Although the filesystem is large, only a few thousand files are
involved in faster-dupemerge. I've tried to reproduce this in a smaller
filesystem but so far without success. The file it gets stuck on is
different on each run, and it doesn't stop on the first rename either.
It will usually get through a few dozen renames before getting stuck.
I have not been able to construct a simpler repro case so far
(e.g. by making thousands of clones and hardlinking them without using
faster-dupemerge). Along the way I have found some other variables that
may be significant:
- this filesystem has skinny_metadata and no_holes flags (in addition
to mkfs defaults like big_metadata). I have no other filesystems with
these options, and I also have not observed this problem on any of the
- I am using zlib compression on all btrfs filesystems, with or without
this issue. The files involved in the rename hangs have included both
compressed and uncompressed files (e.g. vmlinuz and C source files).
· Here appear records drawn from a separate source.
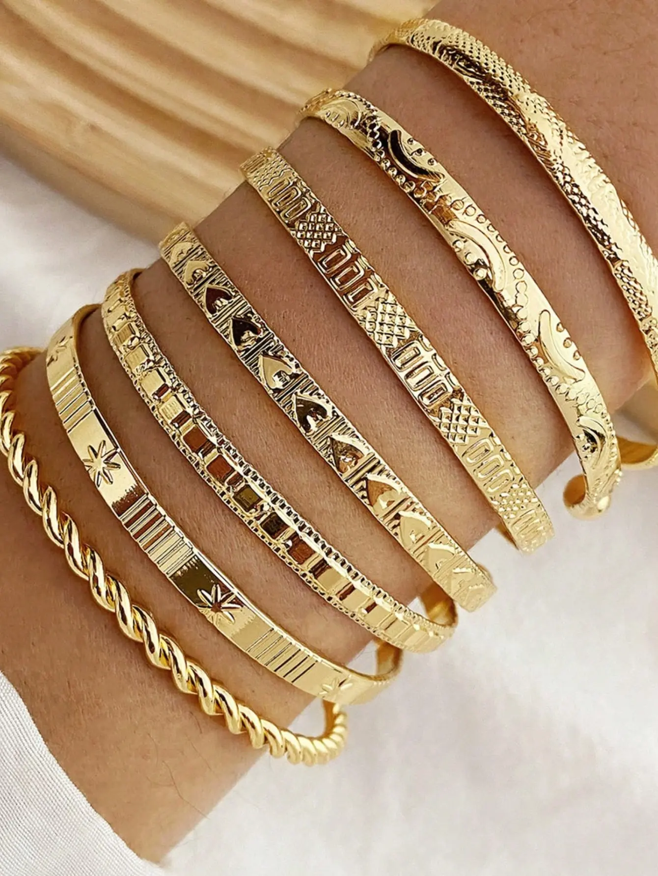 ✨ Discover the 7Pcs Diamond Twist Adjustable Boho Bracelet Set! This set includes seven pieces of alloy open bangles, perfect for women who love minimalist yet chic jewelry. The bracelets are hypoallergenic and washable, ensuring comfort and durability. Ideal as a stackable piece, they add versatility to any outfit. A thoughtful gift for friends or yourself.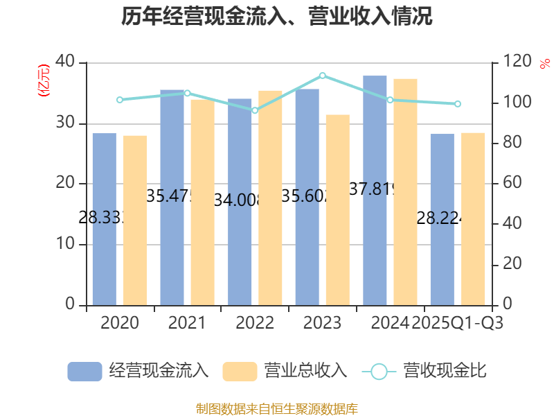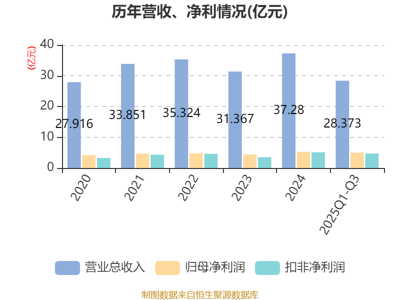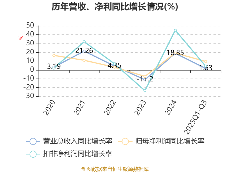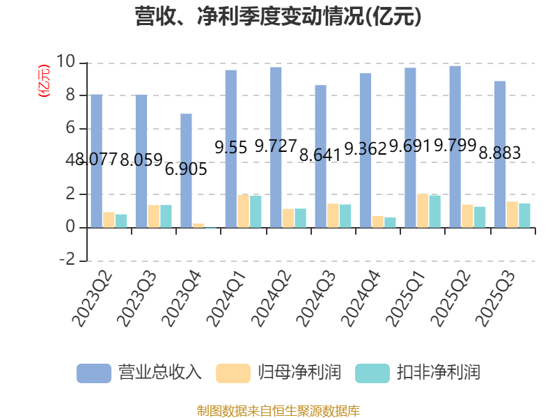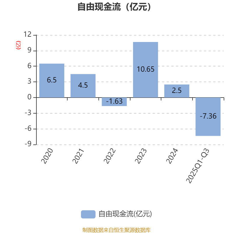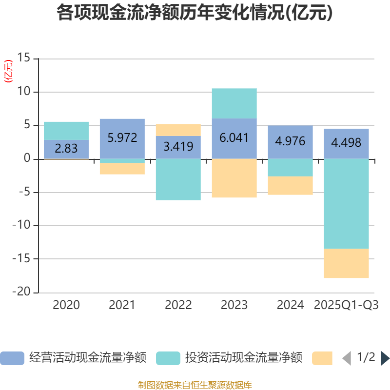 2025年前三季度,公司经营活动现金流净额为4.5亿元,同比增长41.77%;筹资活动现金流净额-4.36亿元,同比减少2.14亿元;投资活动现金流净额-13.47亿元,上年同期为-8.07亿元。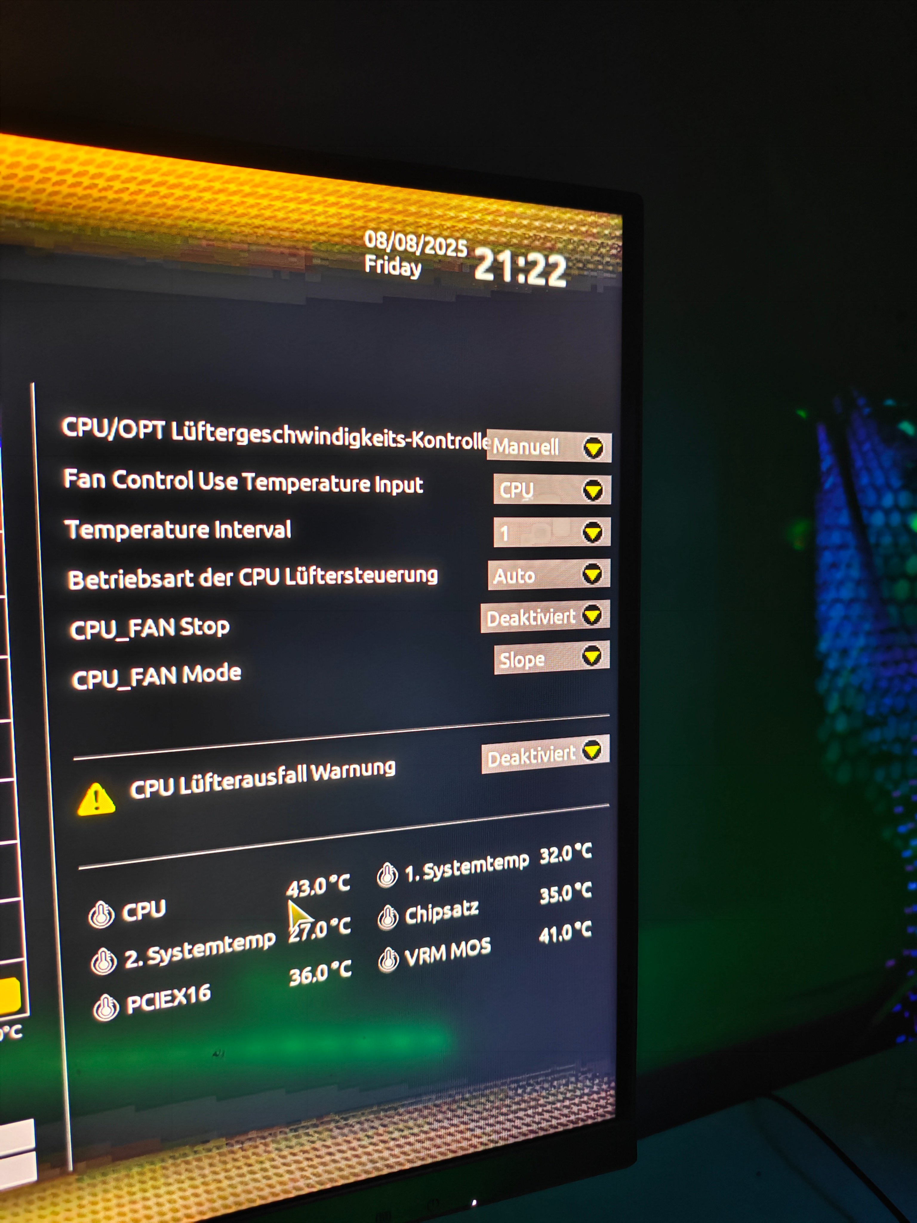 Im Bios habe ich die Kurven für CPU und Fans auf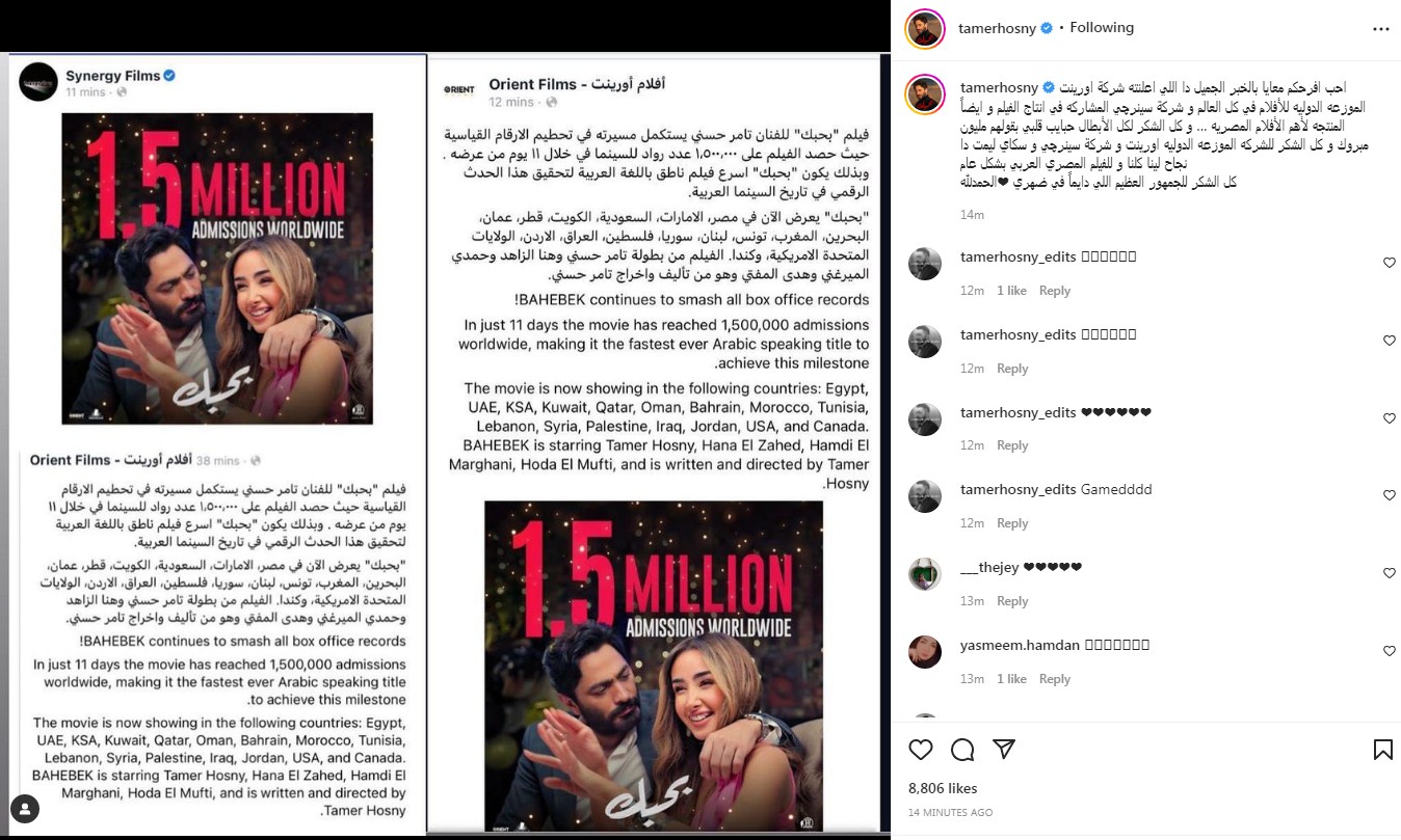 وكتب تامر حسني عبر حسابه على إنستجرام قائلًا: "احب افرحكم معايا بالخبر الجميل دا اللي اعلنته شركة اورينت الموزعه الدوليه للأفلام في كل العالم وشركة سينرچي المشاركه في انتاج الفيلم وايضًا المنتجه لأهم الأفلام المصريه …"

- the specific files that are involved in this issue were btrfs clones
(made by cp --reflink=always) to start with, so the rename is replacing
one inode's shared file extents with another inode's references to the
same extents. I have not been able to reproduce this particular bug
with ordinary copies of files.
- the NFS server may be involved somehow? I attempted to reproduce
this on the same filesystem but in a directory that was not exported
via NFS, and could not after several dozen attempts. When I moved
the test file tree under a directory that is NFS exported, the problem
occurs so often that I can't finish processing the tree a single time
with faster-dupemerge. On the other hand, if I stop the NFS server the
problem does not seem to go away, so the problem may be related to some
feature hiding in the directory metadata on my filesystem and not to
the NFS server at all.
That's all I've got so far. Any ideas?